> [Instructions for the task] Please give back, exactly as written, the lines from the line with "Pythonでは、withを" to the line with "De plateauwagen is" in the listing below, leaving out all pictures.

> [Supplied records]
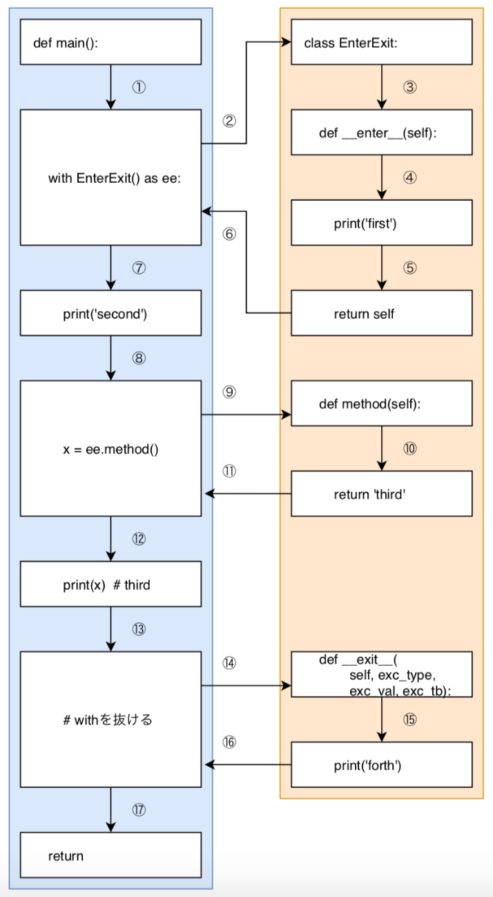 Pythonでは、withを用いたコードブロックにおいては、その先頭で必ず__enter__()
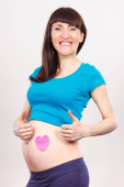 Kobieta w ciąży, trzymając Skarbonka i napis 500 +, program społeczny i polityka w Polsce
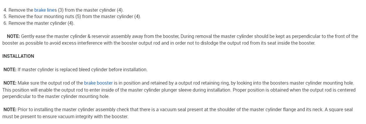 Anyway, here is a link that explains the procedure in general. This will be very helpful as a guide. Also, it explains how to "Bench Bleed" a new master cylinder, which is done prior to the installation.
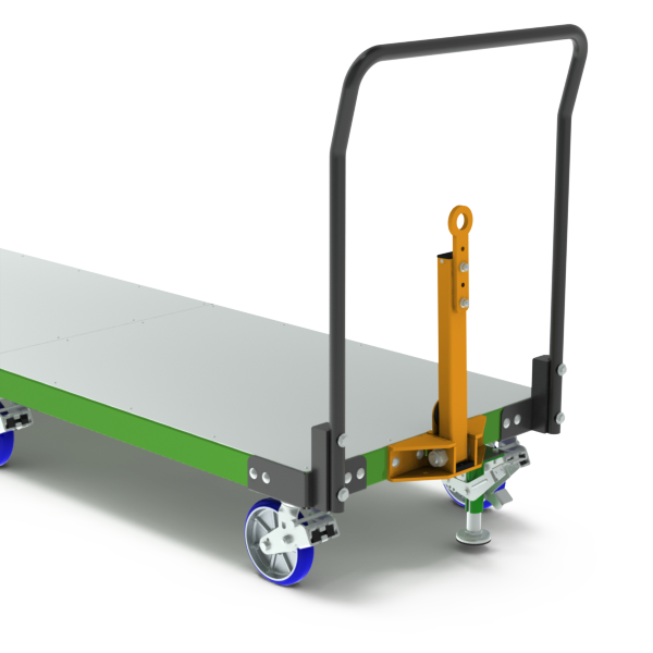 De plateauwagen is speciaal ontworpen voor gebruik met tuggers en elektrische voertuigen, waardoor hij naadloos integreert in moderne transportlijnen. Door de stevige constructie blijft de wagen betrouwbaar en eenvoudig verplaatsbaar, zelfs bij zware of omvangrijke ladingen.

==

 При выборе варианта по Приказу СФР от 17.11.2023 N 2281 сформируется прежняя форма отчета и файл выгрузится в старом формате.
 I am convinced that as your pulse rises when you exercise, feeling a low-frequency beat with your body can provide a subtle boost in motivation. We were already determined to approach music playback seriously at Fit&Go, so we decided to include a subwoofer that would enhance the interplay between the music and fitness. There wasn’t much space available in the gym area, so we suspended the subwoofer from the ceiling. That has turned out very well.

> [Exercise result]
 Pythonでは、withを用いたコードブロックにおいては、その先頭で必ず__enter__()
 Kobieta w ciąży, trzymając Skarbonka i napis 500 +, program społeczny i polityka w Polsce
 Anyway, here is a link that explains the procedure in general. This will be very helpful as a guide. Also, it explains how to "Bench Bleed" a new master cylinder, which is done prior to the installation.
 De plateauwagen is speciaal ontworpen voor gebruik met tuggers en elektrische voertuigen, waardoor hij naadloos integreert in moderne transportlijnen. Door de stevige constructie blijft de wagen betrouwbaar en eenvoudig verplaatsbaar, zelfs bij zware of omvangrijke ladingen.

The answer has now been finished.